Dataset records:
--------------------------------

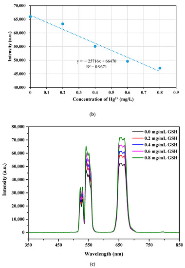 Except for the electron transfer, the ion-bonding may lead to PL quenching; however, the former effect may play a more important role [50]. Upon increasing the loading of Hg2+, the fluorescence intensities of the UCNPs decreased, whereas the fluorescence quenching increased. However, the fluorescence intensity could be recovered after adding a certain amount of GSH to the UCNPs/Hg2+ solution. As GHS and Hg2+ formed a stable Hg–S bond [53,54], the UCNP–Hg2+ coordination complexes were removed, leading to the recovery of the fluorescence intensity.
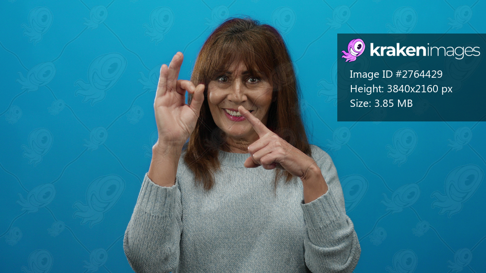 Hispanic senior woman gesturing okay and pointing against an isolated blue wall background with a cheerful expression.
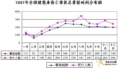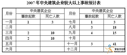 3.坍塌和高處墜落事故仍是事故多發(fā)的主要類型。2007年坍塌和高處墜落事故共發(fā)生1257起,死亡1574人,分別占總量的54%和58%。其中較大事故共49起,死亡197人,分別占較大事故總數(shù)的51.0%和55.1%;重大以上事故4起,其中2起一次死亡10人以上重大事故和2起一次死亡30人以上特別重大坍塌事故,造成122人死亡。3月至11月份平均每月發(fā)生5起較大坍塌事故。
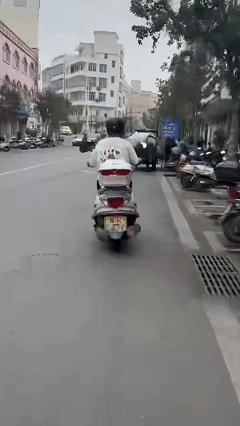摩托车后面一直有人跟拍,视频里能看到用脚踹和摩托车驶离的过程,还有拍摄者发出的笑声。
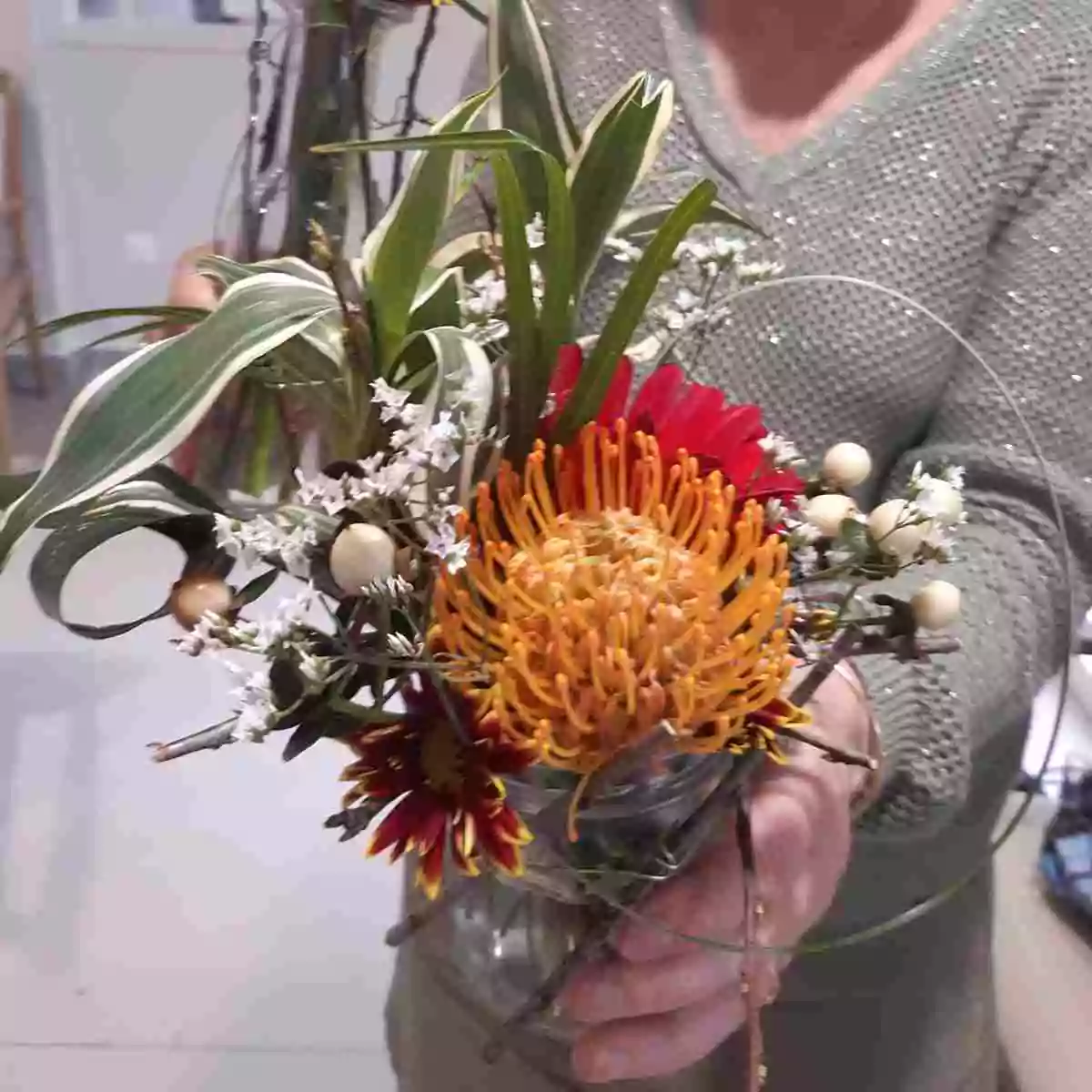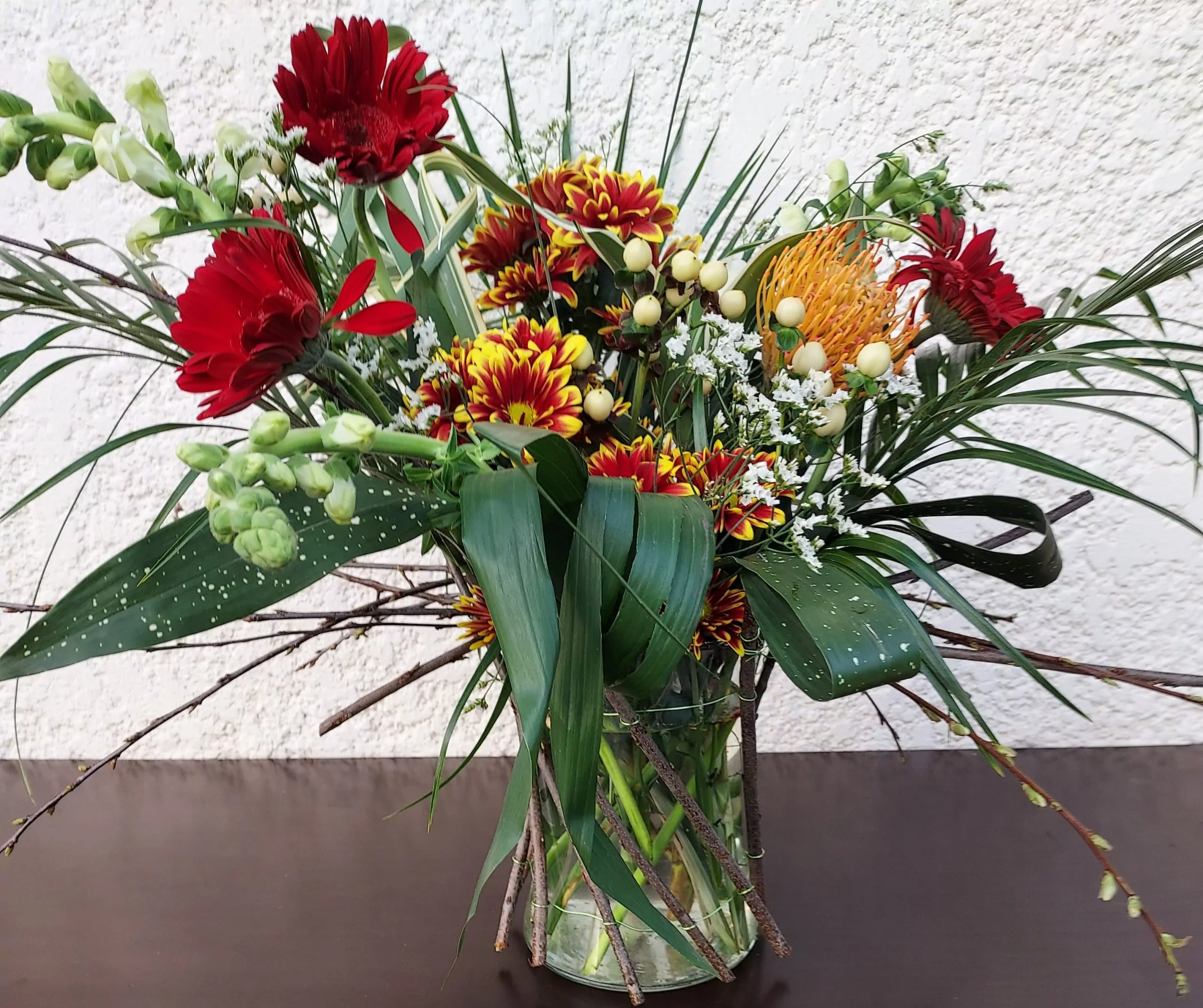 Au centre, des chrysanthèmes bicolores rouge et jaune créent un cœur lumineux. Une fleur orangée de protéa, véritable point focal de la composition, apporte une touche originale.
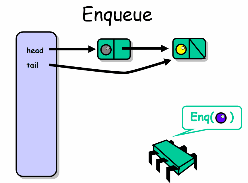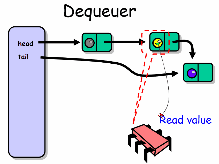 抽象队列的头元素和尾元素并不总是与 head 和 tail 所指向的元素相同,理解这一点是非常重要的。一旦最后一个节点的next域指向了新的节点,一个元素就已经被插入到队列中了,即使入队者还没有更新 tail 域的值。例如,一个线程可以持有 enqLock 的同时插入新节点。假设还没有更新 tail 域。一个并发的出队者线程可以持有 deqLock 这时候就可以获取到新节点,并且可以重设 head 指向新节点。而所有的这些操作都可以在入队者重设 tail 域指向新插入节点之前完成。简单来说就是 head ,tail 域的值并不是绝对准确的。
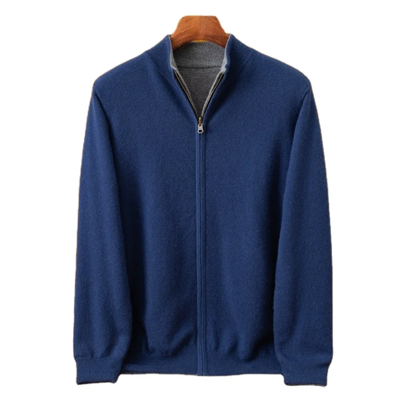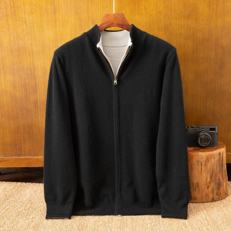 Long Sleeve Light Brown Cashmere Knit Coat Winter Men's Zipper Sweater with Cardigan Sweater Design ODM Supply
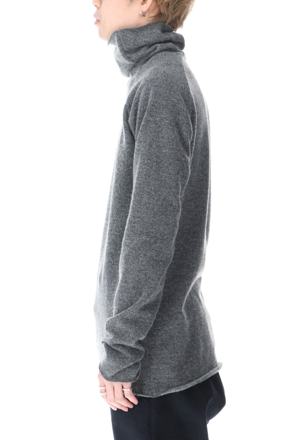 This is a standard bottleneck knit from ware. With a slightly long length, this is a versatile item from ware that can be worn as an inner in the winter. It can be worn with any outer wear such as a jacket or coat. The details are raglan sleeves and the neck, sleeves, and hem are all cut off. This fabric is made by the Italian company Maple and was established in 1980. This fabric manufacturer specializes in knitting materials and specializes in making soft and warm knit materials by combining wool materials with synthetic fibers such as polyester. This item is characterized by its warm, fluffy, light, and comfortable fit as it stores warm air between the fibers and the fabric. Both are available in two-tone colors, gray and gray-beige.

--------------------------------

Work order: Please transcribe exactly the part of the records that opens with the line containing "Hispanic senior woman" and closes with the line containing "Au centre, des", both ends included, and leave out the pictures.

Completed exercise:
 Hispanic senior woman gesturing okay and pointing against an isolated blue wall background with a cheerful expression.
 3.坍塌和高處墜落事故仍是事故多發(fā)的主要類型。2007年坍塌和高處墜落事故共發(fā)生1257起,死亡1574人,分別占總量的54%和58%。其中較大事故共49起,死亡197人,分別占較大事故總數(shù)的51.0%和55.1%;重大以上事故4起,其中2起一次死亡10人以上重大事故和2起一次死亡30人以上特別重大坍塌事故,造成122人死亡。3月至11月份平均每月發(fā)生5起較大坍塌事故。
摩托车后面一直有人跟拍,视频里能看到用脚踹和摩托车驶离的过程,还有拍摄者发出的笑声。
 Au centre, des chrysanthèmes bicolores rouge et jaune créent un cœur lumineux. Une fleur orangée de protéa, véritable point focal de la composition, apporte une touche originale.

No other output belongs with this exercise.